News Transportation Urbanism West
The California High Speed Rail Authority is deep into construction on the first leg of what will be a $100-billion bullet train. Above: Crews work on a section of the San Joaquin River Viaduct & Pergola in Fresno that will allow the rail line to fly above existing highways and city streets. (Courtesy California High Speed Rail Authority)
The California High Speed Rail Authority is deep into construction on the first leg of what will be a $100-billion bullet train.

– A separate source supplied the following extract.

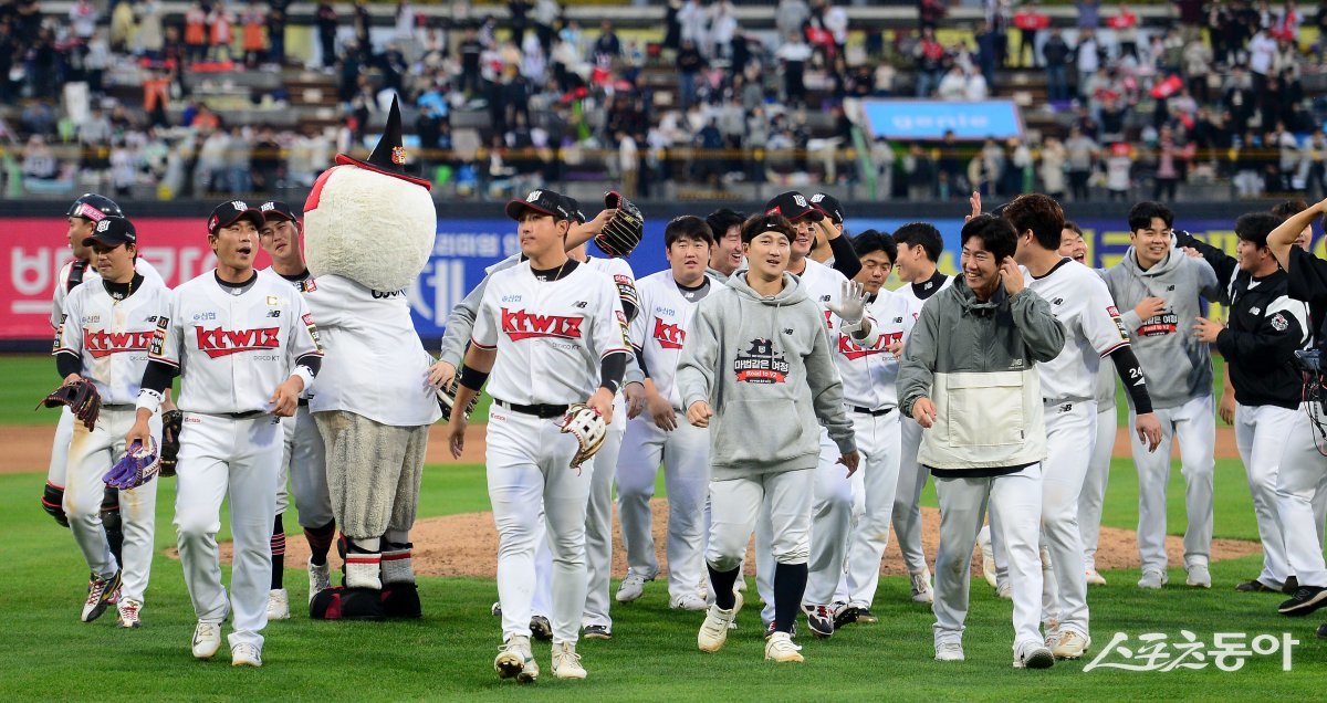 5일 수원KT위즈파크에서 ‘2023 KBO 포스트시즌’ KT 위즈와 NC 다이노스의 플레이오프 5차전 경기가 열렸다. KT가 3-2 역전승을 거두며 PO 전적 3승 2패로 한국시리즈 진출을 확정지었다.

Above: Crews work on a section of the San Joaquin River Viaduct & Pergola in Fresno that will allow the rail line to fly above existing highways and city streets. (Courtesy California High Speed Rail Authority)

After years of political wrangling, regulatory delay, and economic uncertainty, California’s $100-billion high-speed rail (HSR) project is finally under construction.

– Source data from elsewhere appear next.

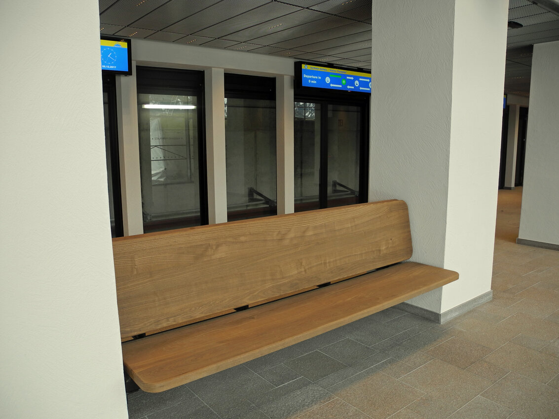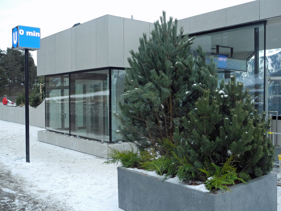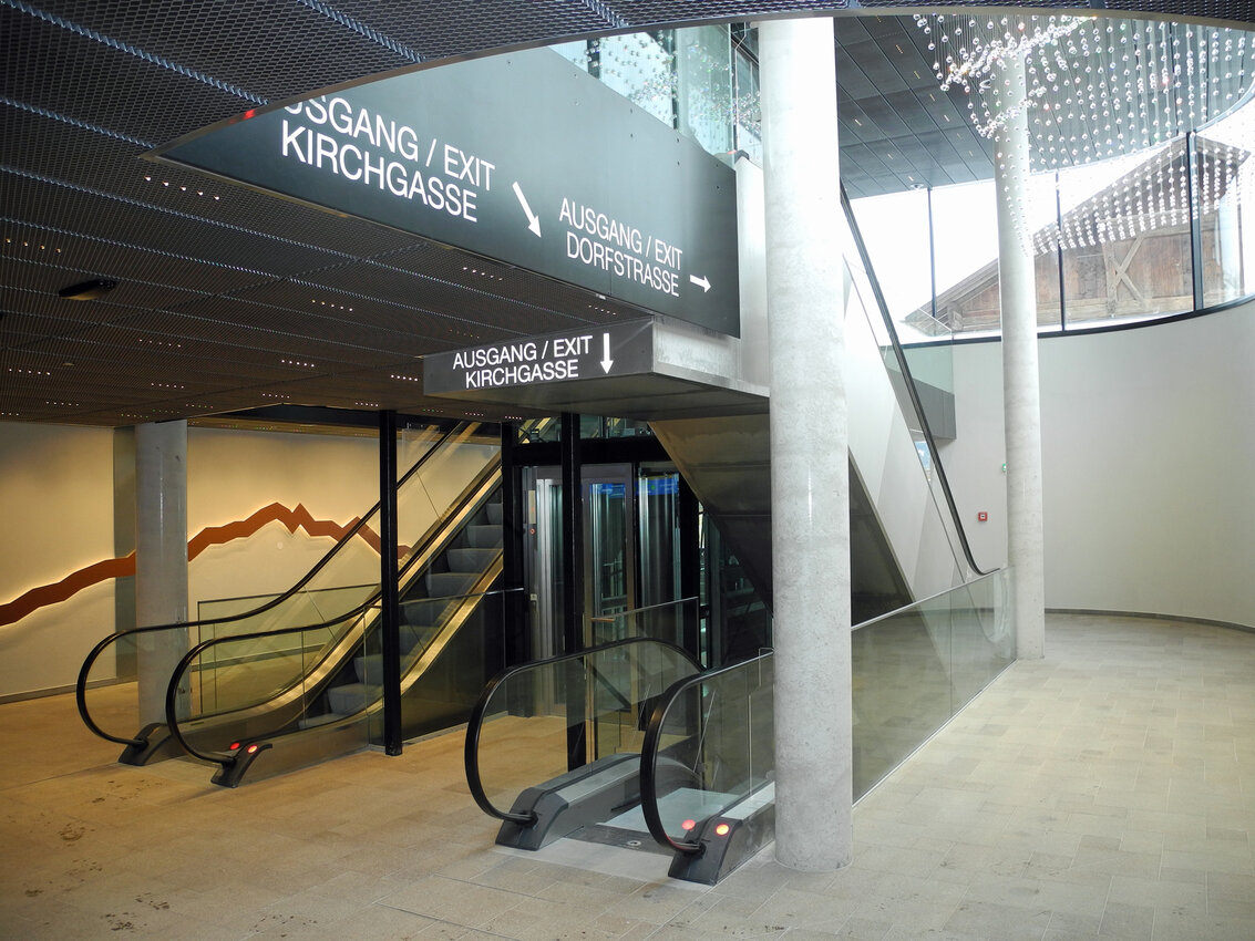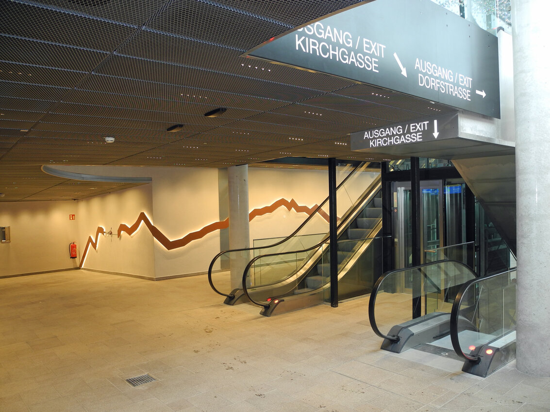 Schon am Ortseingang ist unschwer zu erkennen, dass die erste Phase der Erneuerung abgeschlossen ist. Von der Dorfbahnstraße aus ist die Station Parkplatz ganz bequem über Rolltreppen bzw. einen Aufzug zu erreichen. Der Zugang vom Parkplatz zur Station ist nach wie vor derselbe. Schon beim Betreten der „neuen“ Station wird man von der Helligkeit und der offenen Bauweise positiv überrascht. Und was ist das? Man sieht jetzt sogar den Tunnel, in dem sich die Bahn fortbewegt – großzügige Fensterfronten ermöglichen diesen neuen Einblick. Über den Türen sind große Bildschirme angebracht, auf denen man abwechselnd den aktuellen Bahnstatus, sowie Wetterinfos, aber auch Livebilder aus dem Skigebiet verfolgen kann. Diese Bildschirme sind übrigens in allen neuen Stationen installiert.
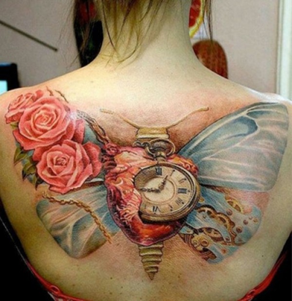 背部大气钟表纹身
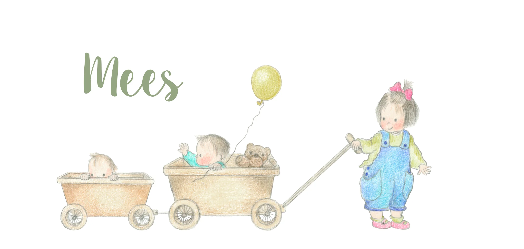 Vrolijk getekend geboortekaartje voor de geboorte van een 3e kindje. Een baby en een grotere broer in bolderwagens die beide getrokken worden door een grote zus.
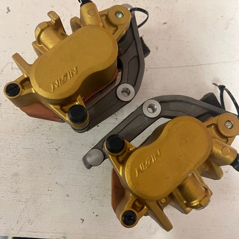 Originale bremsecalipere bak og fram softail Heritage -92. Nye klosser fra 2025, pent brukt pris 2500kr.
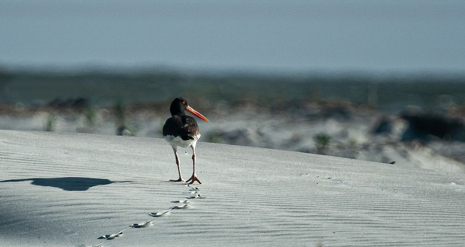 There is so much to like about this shot. I love these bird alone on the beach shots. This one has a leg up on many others because you have the footprints and they are even laid out in a curve pattern! Shooting with a long lens at near eye level and a little target you often get that blurred foreground so my fist suggest is to just crop that off, especially when you have already cropped so much. It just cleans up the image. Then you have that wonderful shadow to add depth and interest. Your bird is looking to camera right and since you have so much space on the right I would suggest repositioning the bird so he has space to walk into. Since I put this in Lightroom to do the crop I did a quick Photoshop edit and removed some bright white areas in the water so clean up the background. Then I added a layer mask on the foreground and increased shadows added texture to add some detail to the sand.
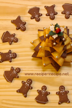 今回は普通のクッキー生地をクリスマス用にしています。 ジンジャーパウダー・シナモン・クローブスパウダー等を適量と、 はちみつも大さじ1杯程度入れていただくと 少し色の黒い、日持ちのするジンジャーマンクッキーに 仕上がります。 (その場合はココアと同じタイミングで入れます。)
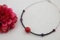 有田焼の磁器玉に鮮やかな赤釉を施し天然石アメジスト(8mm玉)をアクセントにカットガラスを使用しオシャレなペンダントに仕上げました。
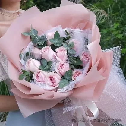 材料:11支精品粉雪山玫瑰,搭配适量尤加利羽毛。

Though the project has more than doubled in cost and is now over 11 years behind schedule, the California High Speed Rail Authority, a public agency tasked with planning, designing, building, and operating the 300-mile route, has broken ground on a variety of key construction initiatives since 2016.

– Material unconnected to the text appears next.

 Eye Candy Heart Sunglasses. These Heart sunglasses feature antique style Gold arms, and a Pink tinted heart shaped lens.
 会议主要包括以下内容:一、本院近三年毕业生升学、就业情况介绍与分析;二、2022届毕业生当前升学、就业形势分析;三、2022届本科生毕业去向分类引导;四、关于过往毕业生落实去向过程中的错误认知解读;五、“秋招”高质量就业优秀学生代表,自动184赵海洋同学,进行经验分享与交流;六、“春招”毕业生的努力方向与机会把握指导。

The agency is currently working on 20 sites scattered across five central California counties in an effort to build a 119-mile proof-of-concept route between Bakersfield and Madera by 2022.

Construction is in full-swing on a pergola deck structure that will carry trains over the existing freight rail lines at the San Joaquin River Viaduct.

Construction is in full-swing on a pergola deck structure that will carry trains over the existing freight rail lines at the San Joaquin River Viaduct. (Courtesy California High Speed Rail Authority)

Among the multifaceted works underway are the 3,700-foot-long Cedar Viaduct that will carry high-speed trains over State Route 99 in Fresno, and the 4,700-foot San Joaquin River Viaduct that will span the San Joaquin River to the north. The aerial alignments are test runs for the types of layered sites the authority will have to build over in more densely populated centers. Here, where temperatures can reach 110 degrees during the day, workers are laying rebar for structural columns, balancing new concrete slabs on elevated spans, and acquiring new properties to complete the future rail alignment.

Roughly halfway between the two ends of this initial route, the Dragados-Flatiron Joint Venture Precast Facility outside of Hanford is currently under construction, as well. The precast concrete factory will supply girders and precast slabs for the bullet train project when it opens in 2019. Ultimately, the facility will produce roughly 1,300 different types of beams and nearly 500,000 precast slabs for the rail line.

Bruce Fukuji, principal at Albany, California–based Urban Design Innovations, is an architect working to develop transit-oriented community guidelines for sites across the state that will be impacted by the new route. In a statement, Fukuji explained that his goal was to “focus regional economic activity [and] attract public and private investment to stimulate the regeneration of station areas.” Fukuji added, “We are linking locally desired projects with potential cap-and-trade funding [and are] setting up the opportunity for local communities and disadvantaged communities to benefit from collaborating with us and our partner agencies.”

Though far from the state’s major urban centers now, when the full route is completed in 2033, it is expected to carry over 30 million passengers each year on trains traveling between 110 and 220 miles per hour.